Lot of Clonazepam Recalled Due to Carton Strength Mislabeling
Endo, Inc. announced a voluntary recall of Clonazepam Orally Disintegrating Tablets, USP (C-IV) due to potential product carton strength mislabeling. Various Clonazepam products with the lot number 550176501 may contain the incorrect strength and National Drug Code (NDC) code, thought the blister strips and tablets inside the product pack reflect the correct strength for the lot. Clonazepam is used to treat anxiety and seizures. Consuming a higher dose of clonazepam could be at increased risk for the adverse events of significant sedation, confusion, dizziness, diminished reflexes, ataxia, and hypotonia. There is reasonable probability for significant, possibly life-threatening, respiratory depression especially for patients with concomitant pulmonary disease, patients who have prescribed dosing near maximal dosing, and patients also taking other medications that could cause additional respiratory depression.
Two Lots of Buprenorphine Hydrochloride Recalled Due to Incomplete Crimp Seals
Hospira, Inc., a Pfizer company, is voluntarily recalling two lots of Buprenorphine Hydrochloride Injection Carpuject Units due to the potential for incomplete crimp seals; one customer complaint has been received for one leaking unit. In the event that impacted products are administered to a patient, there is a potential for an increased risk of lack of therapeutic effect and systemic infection that may result in the need for additional medical treatment. Buprenorphine HCl Injection is indicated for the management of pain requiring an opioid analgesic and for which alternate treatments are inadequate. The impacted lot numbers are HJ3965 and HJ8546. The products were distributed nationwide to wholesalers/hospitals in the United States from September 2023 through April 2024.
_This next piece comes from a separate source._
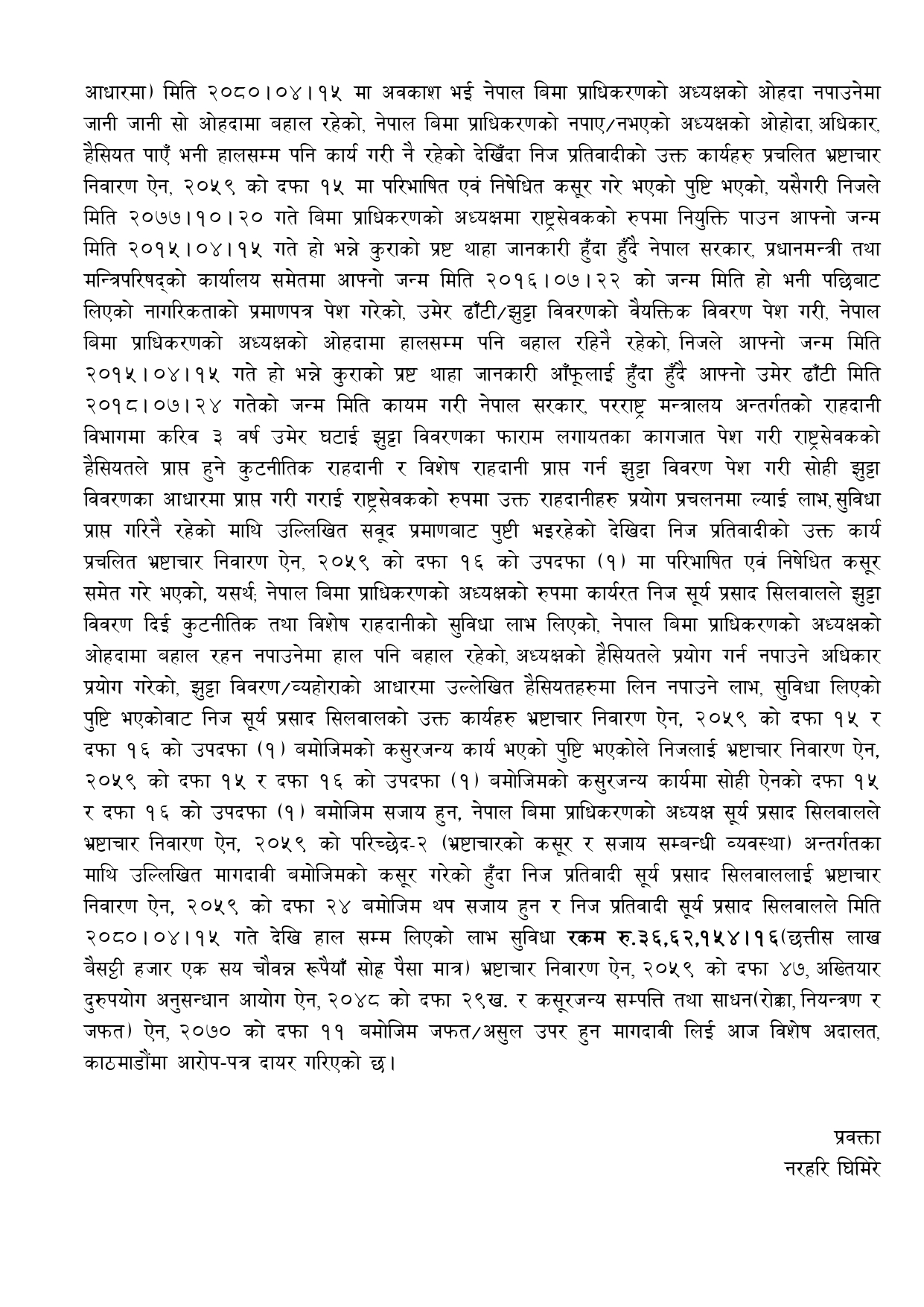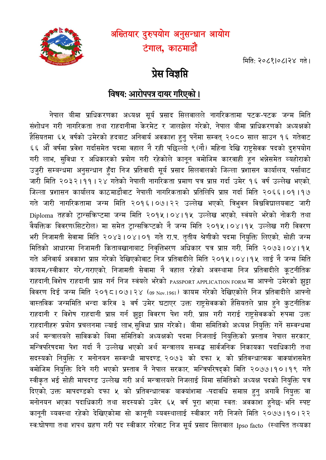 काठमाडाैँ । अख्तियार दुरुपयोग अनुसन्धान आयोगले नेपाल बीमा प्राधिकरणका अध्यक्ष सूर्य प्रसाद सिलवालविरुद्ध मुद्दा दायर गरेको छ । आयोगले सोमबार विशेष अदालत काठमाडौंमा सिलवालविरुद्ध आरोपपत्र दायर गरेको हो । सिलवालले नागरिकतामा पटक(पटक जन्म मिति संशोधन गरी नागरिकता तथा राहदानीमा केरमेट र जालझेल गरेको आरोपपत्रमा उल्लेख छ ।

FDA Warns of Sulfite-Containing Compounded Drugs
The FDA received reports of allergic-type reactions potentially related to sulfite-containing compounded drugs. FDA is alerting health care professionals, compounders and patients about the risk of potentially serious allergic-type reactions to sulfite-containing compounded drugs. Health care professionals and patients may be unaware of sulfite allergies or sensitivities. Sulfites are substances that may be added to certain drug products as preservatives, to help prevent the active drug ingredient from breaking down and becoming less effective. Sulfites may cause allergic-type reactions in susceptible people, especially patients with asthma. Allergic-type reactions may include anaphylactic symptoms and life-threatening or less severe asthmatic episodes in susceptible people. So far, reports have included complaints of pink eye, itchy eyes, swollen eyelids, and respiratory failure. FDA-approved prescription drugs containing sulfites are required to include a warning statement in the product labeling. However, compounded drugs are not FDA-approved, which means FDA has not evaluated their safety, effectiveness, quality or labeling prior to marketing.
Morphine Sulfate ER Recall Due to Deadly Label Mix-Up
Bryant Ranch Prepack Inc. is voluntarily recalling one lot of morphine sulfate 30 mg Extended-Release tablets and one lot of morphine sulfate 60 mg Extended-Release tablets, as the labels for these two products were mixed-up. Morphine sulfate is an opioid product for the management of severe pain. Patients prescribed the 30 mg dose who receive the 60 mg dose could be at risk for overdose and death. Patients prescribed the 60 mg dose who receive the 30 mg dose may experience withdrawal and untreated pain if the dose given is too low.